Here she shares encouragement for writers going through the dreaded revision process:

“My agent is highly editorial and very hands-on which is exactly what I wanted and needed. I can’t stress enough how important it is to have clear communication, especially during your initial conversations. It is so important to be on the same page as far as what you both expect from this relationship, because hopefully it will be a long-term one.”

“You may not agree with everything your agent says,” she warns. “And this is perfectly okay. It is your book after all and no one knows your story and your characters as well as you do. But an agent offers a different perspective, an experienced set of eyes which is something really invaluable.

“Don’t rush the process. I admit that I’m definitely guilty of this. I am a very impatient person, so it took a lot of discipline for me to hold back and not rush through any revisions.”

This excerpt was originally published on Sabina Khan’s blog. Read her full post here.

On Inspiration

In an interview with the BBC about her latest novel, she discusses the dangers that LGBT youth face across different cultures and religions today, and shares her inspiration for the book.

At the time her 17-year-old daughter came out to her and her husband in 2016, there was also a brutal murder of an LGBT activist in Bangladesh.

“So, these two things kind of came together for me in a story that I wanted to write about a young girl from a Muslim immigrant family.
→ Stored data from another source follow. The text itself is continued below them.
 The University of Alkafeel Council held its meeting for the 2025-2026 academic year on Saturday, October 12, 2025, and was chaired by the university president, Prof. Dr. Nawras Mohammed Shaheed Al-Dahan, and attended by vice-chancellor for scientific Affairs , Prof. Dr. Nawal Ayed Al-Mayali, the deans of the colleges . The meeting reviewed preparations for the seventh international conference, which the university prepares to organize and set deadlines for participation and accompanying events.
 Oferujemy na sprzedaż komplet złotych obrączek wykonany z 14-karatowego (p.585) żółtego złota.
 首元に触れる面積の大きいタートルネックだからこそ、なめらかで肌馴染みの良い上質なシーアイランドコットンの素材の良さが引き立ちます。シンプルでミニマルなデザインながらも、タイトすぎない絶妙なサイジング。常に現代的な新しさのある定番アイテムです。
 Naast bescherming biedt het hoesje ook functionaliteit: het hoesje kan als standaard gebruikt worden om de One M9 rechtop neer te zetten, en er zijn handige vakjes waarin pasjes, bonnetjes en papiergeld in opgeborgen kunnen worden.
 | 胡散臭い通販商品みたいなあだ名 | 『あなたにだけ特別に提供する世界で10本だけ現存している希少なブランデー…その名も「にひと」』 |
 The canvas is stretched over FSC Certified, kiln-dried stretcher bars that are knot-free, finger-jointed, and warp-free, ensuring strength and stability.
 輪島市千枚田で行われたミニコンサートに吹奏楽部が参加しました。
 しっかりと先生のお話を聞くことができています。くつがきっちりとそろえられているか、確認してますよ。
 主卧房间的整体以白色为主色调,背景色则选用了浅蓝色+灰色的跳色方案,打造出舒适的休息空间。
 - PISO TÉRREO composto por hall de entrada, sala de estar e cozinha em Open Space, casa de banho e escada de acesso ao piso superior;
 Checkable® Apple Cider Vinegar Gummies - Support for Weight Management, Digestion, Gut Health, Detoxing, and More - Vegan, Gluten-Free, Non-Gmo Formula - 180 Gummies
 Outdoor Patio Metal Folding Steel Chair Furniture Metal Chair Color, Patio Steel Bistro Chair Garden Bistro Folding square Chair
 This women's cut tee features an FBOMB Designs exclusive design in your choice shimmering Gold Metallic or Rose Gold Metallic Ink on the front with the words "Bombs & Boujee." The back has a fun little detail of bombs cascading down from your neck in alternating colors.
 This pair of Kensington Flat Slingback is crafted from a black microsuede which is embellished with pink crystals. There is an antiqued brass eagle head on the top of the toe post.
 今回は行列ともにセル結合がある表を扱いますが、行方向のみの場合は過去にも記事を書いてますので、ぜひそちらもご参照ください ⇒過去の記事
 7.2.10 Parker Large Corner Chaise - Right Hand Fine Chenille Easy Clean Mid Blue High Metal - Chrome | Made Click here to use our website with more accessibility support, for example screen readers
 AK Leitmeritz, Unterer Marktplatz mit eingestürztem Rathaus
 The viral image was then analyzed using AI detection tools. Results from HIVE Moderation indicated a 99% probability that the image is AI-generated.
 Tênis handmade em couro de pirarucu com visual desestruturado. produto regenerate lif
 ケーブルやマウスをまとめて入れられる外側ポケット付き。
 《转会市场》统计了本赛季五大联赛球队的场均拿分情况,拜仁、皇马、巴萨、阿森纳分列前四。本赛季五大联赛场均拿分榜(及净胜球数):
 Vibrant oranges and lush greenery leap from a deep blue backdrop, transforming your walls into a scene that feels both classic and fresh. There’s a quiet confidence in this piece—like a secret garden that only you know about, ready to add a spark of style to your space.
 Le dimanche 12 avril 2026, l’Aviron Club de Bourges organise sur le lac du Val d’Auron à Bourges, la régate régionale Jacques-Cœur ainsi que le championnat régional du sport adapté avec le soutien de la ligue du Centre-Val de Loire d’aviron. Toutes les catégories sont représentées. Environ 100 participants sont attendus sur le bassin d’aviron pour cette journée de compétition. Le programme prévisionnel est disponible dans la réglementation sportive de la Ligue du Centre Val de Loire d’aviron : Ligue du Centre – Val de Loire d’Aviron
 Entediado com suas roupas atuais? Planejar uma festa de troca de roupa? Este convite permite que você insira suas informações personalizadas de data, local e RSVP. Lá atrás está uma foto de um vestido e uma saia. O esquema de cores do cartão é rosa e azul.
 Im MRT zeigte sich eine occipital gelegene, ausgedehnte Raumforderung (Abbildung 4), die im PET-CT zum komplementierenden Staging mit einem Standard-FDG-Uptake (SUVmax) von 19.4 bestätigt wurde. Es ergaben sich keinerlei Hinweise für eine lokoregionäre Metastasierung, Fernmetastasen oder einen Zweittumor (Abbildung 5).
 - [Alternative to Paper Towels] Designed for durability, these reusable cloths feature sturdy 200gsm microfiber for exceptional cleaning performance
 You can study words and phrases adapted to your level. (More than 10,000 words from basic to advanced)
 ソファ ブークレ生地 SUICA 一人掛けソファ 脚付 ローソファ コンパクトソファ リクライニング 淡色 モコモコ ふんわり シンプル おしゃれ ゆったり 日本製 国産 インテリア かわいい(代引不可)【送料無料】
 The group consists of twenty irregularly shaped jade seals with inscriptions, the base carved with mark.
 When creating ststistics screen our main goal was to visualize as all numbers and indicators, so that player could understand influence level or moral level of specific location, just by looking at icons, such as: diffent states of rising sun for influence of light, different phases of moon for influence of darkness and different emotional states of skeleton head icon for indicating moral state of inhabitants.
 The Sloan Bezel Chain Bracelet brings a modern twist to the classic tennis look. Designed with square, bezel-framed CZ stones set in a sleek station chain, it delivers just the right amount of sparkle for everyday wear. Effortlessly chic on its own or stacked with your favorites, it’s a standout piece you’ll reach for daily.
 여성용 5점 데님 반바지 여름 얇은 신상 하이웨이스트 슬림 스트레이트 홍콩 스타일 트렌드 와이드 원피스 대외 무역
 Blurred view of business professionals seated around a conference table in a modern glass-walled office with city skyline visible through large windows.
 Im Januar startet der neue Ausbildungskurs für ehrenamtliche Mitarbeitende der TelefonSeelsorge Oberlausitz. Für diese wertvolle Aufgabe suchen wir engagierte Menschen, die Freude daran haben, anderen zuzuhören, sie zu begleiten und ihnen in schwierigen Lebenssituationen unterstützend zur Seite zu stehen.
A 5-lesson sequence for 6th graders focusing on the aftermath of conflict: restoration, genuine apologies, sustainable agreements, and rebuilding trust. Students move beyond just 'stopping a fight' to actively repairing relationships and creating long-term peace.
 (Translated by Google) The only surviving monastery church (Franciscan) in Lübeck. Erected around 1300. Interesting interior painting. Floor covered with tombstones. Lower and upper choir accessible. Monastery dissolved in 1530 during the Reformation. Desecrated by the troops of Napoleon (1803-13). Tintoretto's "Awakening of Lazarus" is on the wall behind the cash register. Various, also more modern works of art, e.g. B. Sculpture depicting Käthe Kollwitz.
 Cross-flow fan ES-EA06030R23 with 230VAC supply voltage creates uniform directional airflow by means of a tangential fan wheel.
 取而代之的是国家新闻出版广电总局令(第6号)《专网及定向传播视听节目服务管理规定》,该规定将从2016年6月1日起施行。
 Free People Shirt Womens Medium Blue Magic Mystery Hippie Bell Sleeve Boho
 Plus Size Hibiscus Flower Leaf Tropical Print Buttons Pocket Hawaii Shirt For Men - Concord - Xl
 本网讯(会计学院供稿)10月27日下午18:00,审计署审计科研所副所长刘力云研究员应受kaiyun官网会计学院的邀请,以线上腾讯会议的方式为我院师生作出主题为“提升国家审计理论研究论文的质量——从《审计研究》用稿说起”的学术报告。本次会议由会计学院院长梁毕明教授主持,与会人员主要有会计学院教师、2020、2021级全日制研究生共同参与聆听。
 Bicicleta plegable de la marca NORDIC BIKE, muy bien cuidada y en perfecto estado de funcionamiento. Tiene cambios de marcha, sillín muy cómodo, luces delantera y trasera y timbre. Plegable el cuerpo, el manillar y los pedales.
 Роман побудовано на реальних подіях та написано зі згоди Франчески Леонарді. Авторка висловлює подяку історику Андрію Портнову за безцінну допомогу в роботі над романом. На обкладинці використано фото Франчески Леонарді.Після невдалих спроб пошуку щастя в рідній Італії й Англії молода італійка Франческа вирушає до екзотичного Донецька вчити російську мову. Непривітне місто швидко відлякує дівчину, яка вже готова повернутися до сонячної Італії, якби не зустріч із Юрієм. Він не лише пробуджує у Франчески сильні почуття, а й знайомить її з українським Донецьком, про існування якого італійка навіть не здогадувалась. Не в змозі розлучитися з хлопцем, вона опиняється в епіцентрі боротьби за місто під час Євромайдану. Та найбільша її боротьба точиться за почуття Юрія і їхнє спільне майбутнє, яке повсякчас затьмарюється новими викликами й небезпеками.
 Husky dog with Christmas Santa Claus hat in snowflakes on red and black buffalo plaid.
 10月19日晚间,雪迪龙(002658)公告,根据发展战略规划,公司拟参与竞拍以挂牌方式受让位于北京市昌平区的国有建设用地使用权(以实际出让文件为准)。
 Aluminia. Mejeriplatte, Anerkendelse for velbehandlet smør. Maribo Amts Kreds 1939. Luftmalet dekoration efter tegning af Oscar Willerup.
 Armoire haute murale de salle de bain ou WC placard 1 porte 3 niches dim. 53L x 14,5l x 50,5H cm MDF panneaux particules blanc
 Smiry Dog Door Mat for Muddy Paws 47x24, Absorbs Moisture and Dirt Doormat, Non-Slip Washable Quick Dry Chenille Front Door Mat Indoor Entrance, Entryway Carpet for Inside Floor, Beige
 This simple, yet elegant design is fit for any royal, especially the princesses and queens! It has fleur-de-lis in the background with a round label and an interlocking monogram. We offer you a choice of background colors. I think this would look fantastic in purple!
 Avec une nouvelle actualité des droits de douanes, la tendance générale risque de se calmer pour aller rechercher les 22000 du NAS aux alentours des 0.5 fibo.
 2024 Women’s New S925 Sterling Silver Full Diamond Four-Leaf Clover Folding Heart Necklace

She has a big secret, she’s in love with a girl, and she can’t come out her parents who are quite conservative and unfortunately, she does get caught kissing her girlfriend by her mother, and they whisk her away to Bangladesh to try and get her married off as soon as possible before any hint of a scandal can get out and ruin their reputation. So, the story is about her trying to claw her way back to her life and doesn’t have to lose everyone she loves in the process.”